Anonymous More than 1 year ago
Adore this book!!!!!!!!!!!!!!!!!!!!!!!!!!!!!!!!!!!!! ;)
Anonymous More than 1 year ago
The main charactors in the book Ivy and Bean are Ivy and Bean. Bean plays a trick on her older sister then Ivy needs to help. It is always a nice, blazing hot day when their adventures begin. Her mom would be so mad at her and ground her for her life. My favorite part of the book is when Ivy helps Bean do a halarious trick on her older sister, Nancy. I don`t want to tell you what happens so read Ivy and Bean to find out!!!!!!!!! I think it is a great book to share with your friends and I also love this book because it is about friends. It is a great book to read to your friends to have fun. I think you can count at least 20 adjectives in this book. Also if you don`t have a lot of friends you can learn how to get friends in this book. I would recommend all kids to read Ivy and Bean. That is why Ivy and Bean is a great book for kids!!!

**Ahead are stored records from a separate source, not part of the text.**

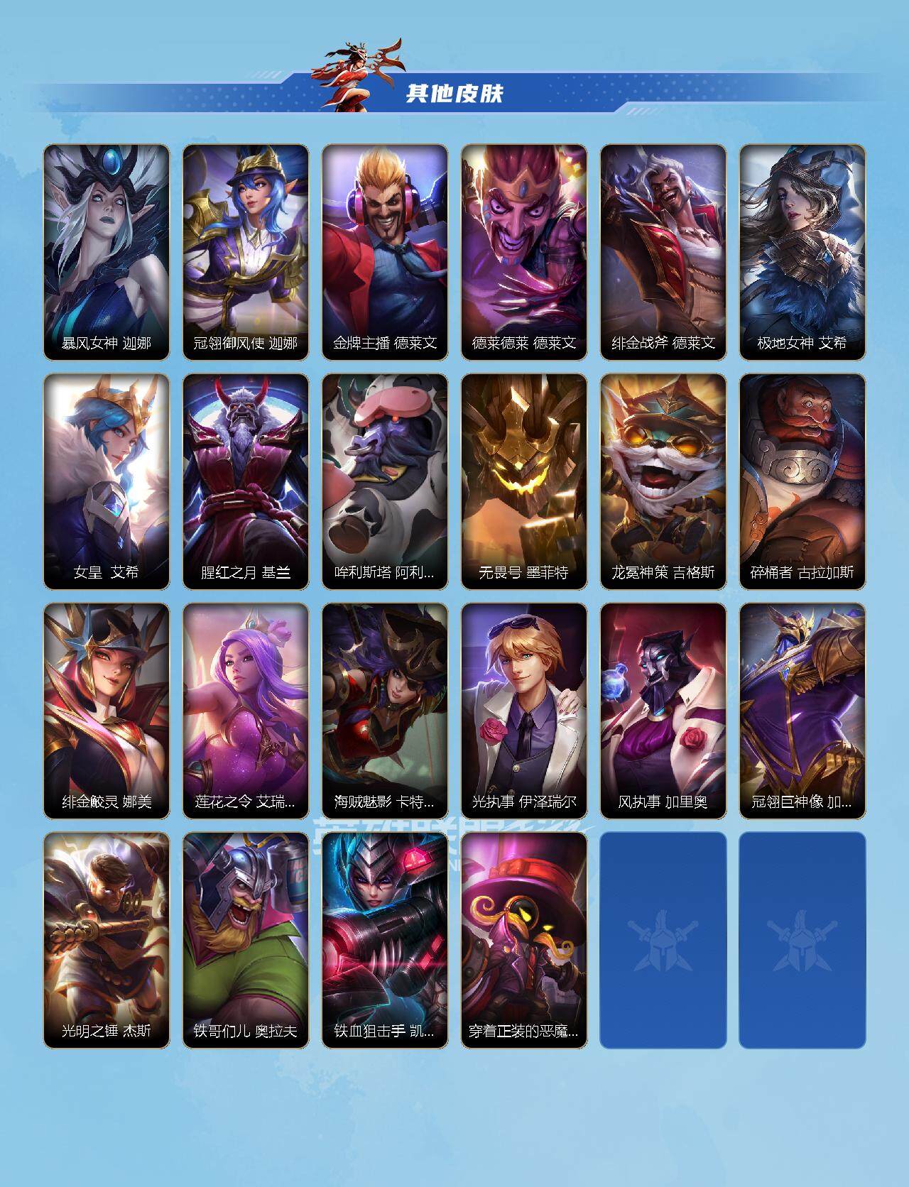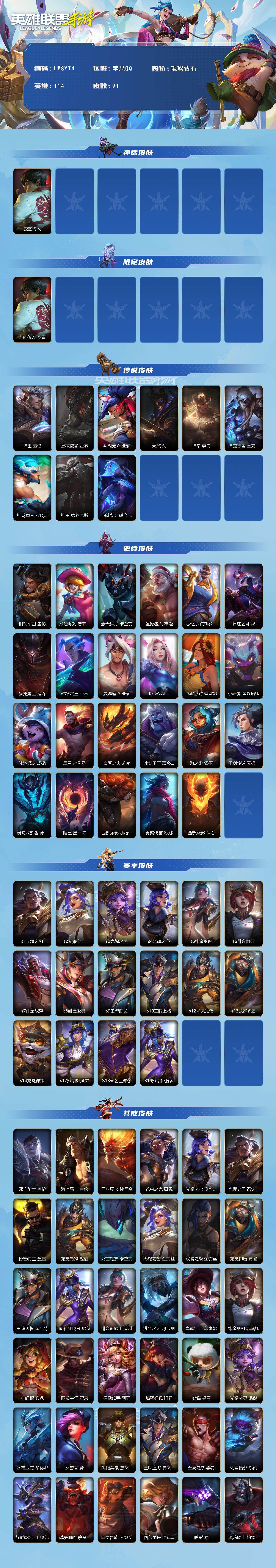 【lmsyt4】114英雄/91皮肤/璀璨钻石/龙的传人 李青/神王 盖伦/黑夜使者 亚索/斗魂无双 亚索/天煞 劫/神拳 李青/神龙尊者 圣龙 李青/神龙尊者 驭风啸龙 易/神王 德莱厄斯/源计划:联合 艾希/钢铁军团 盖伦/泳池派对 奥莉安娜/霸天异形 卡兹克/圣诞老人 布隆/礼物选好了吗? 布隆/腥红之月 烬/猎龙勇士 潘森/战场之王 亚索/灵魂莲华 亚索/k/da all out 阿狸/泳池派对 蕾欧娜/小恶魔 崔丝塔娜/泳池派对 璐璐/晨星之翎 洛/奈落之炎 凯南/冰封王子 蒙多医生/海之歌 泽丽/玉剑传说 无极 易/灵魂收割者 德莱文/暗星 墨菲特/西部魔影 执行人 卡特琳娜/真实伤害 赛娜/西部魔影 锤石/s1光耀之刃/s2光耀之芒/s3光耀之灵/s4光耀之心/s5绯金魅影/s6绯金丽刃/s7绯金战斧/s8绯金鮫灵/s9王牌舰长/s10王牌上将/s12龙冕先锋/s13龙冕御盾/s14龙冕神策/s17冠翎御风使/s18冠翎巨神像/s19冠翎征服者/死亡骑士 盖伦/海上霸主 盖伦/三昧真火 孙悟空/苍穹之光 薇恩/光耀之心 奥莉安娜/光耀之刃 泰达米尔/秘密特工 赵信/龙冕先锋 赵信/死亡绽放 卡兹克/光耀之芒 金克丝/双城之战 金克丝/龙冕御盾 布隆/王牌舰长 崔斯特/冠翎征服者 尼菈/绯金魅影 伊芙琳/银色之牙 阿卡丽/皇家守卫 菲奥娜/绯金丽刃 菲奥娜/小红帽 安妮/西部牛仔 亚索/偶像歌手 阿狸/焰尾妖狐 阿狸/熊猫 提莫/光耀之灵 璐璐/冰霜亚龙 希瓦娜/女警官 蔚/孤胆英豪 嘉文四世/王牌上将 嘉文四世/至高之拳 李青/刺客信条 凯南/超武乾坤:电弧 凯南/战争血统 蒙多医生/单身贵族 内瑟斯/西部牛仔 厄运小姐/暗影 易/黑暗骑士 格雷福斯/暴风女神 迦娜/冠翎御风使 迦娜/金牌主播 德莱文/德莱德莱 德莱文/绯金战斧 德莱文/极地女神 艾希/女皇 艾希/腥红之月 基兰/哞利斯塔 阿利斯塔/无畏号 墨菲特/龙冕神策 吉格斯/碎桶者 古拉加斯/绯金鲛灵 娜美/莲花之令 艾瑞莉娅/海贼魅影 卡特琳娜/光执事 伊泽瑞尔/风执事 加里奥/冠翎巨神像 加里奥/光明之锤 杰斯/铁哥们儿 奥拉夫/铁血狙击手 凯特琳/穿着正装的恶魔 维迦
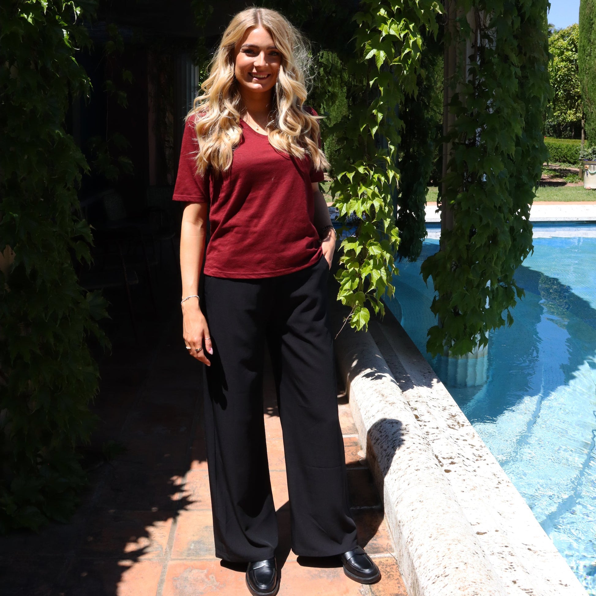 Liberté - Ulla SS V-Neck T-shirt, 21675 - Bordeaux
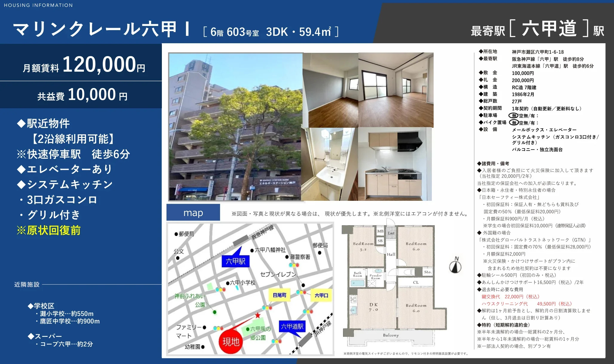 | アクセス | 六甲 (徒歩8分) 六甲道 (徒歩6分) |

Pam2009 More than 1 year ago
My daughter really enjoys reading Ivy and Bean. She is in 1st grade and it challenges her reading skills. She has recommended this series of books to her friends.
Anonymous More than 1 year ago
Im 13 and read these exelent theres no crush factor but its still good
Anonymous More than 1 year ago
Thos book is really good for 7-8 year olds i loved this book and serise as a kid i am now 10 years old but i still injoy it! I highly recemend this book!!!!!!!!!!
Anonymous More than 1 year ago
Its fun and an amazing book anddddd you should read the rest of the siries
Anonymous More than 1 year ago
I love all Ivy and Bean books
thepaperdoll More than 1 year ago
First time reading the Ivy and Bean series. I thought it was a wonderful young read! Shows children not to judge others for being different, or quiet. Great imagination! Recommended.
Anonymous More than 1 year ago
Wanted to find a series to encourage my 7 yo granddaughter to develop an interest in reading. She loved Ivy & Bean and I bought the entire series! Highly recommend the series.
Anonymous More than 1 year ago
A fun story children would enjoy, but please don't try the pranks.
Anonymous More than 1 year ago
Im in the 7 th or 8 th chapter but o far the book is really good. My mom let me get a free sample and it turned out pretty good. I would defenetly recomend this book.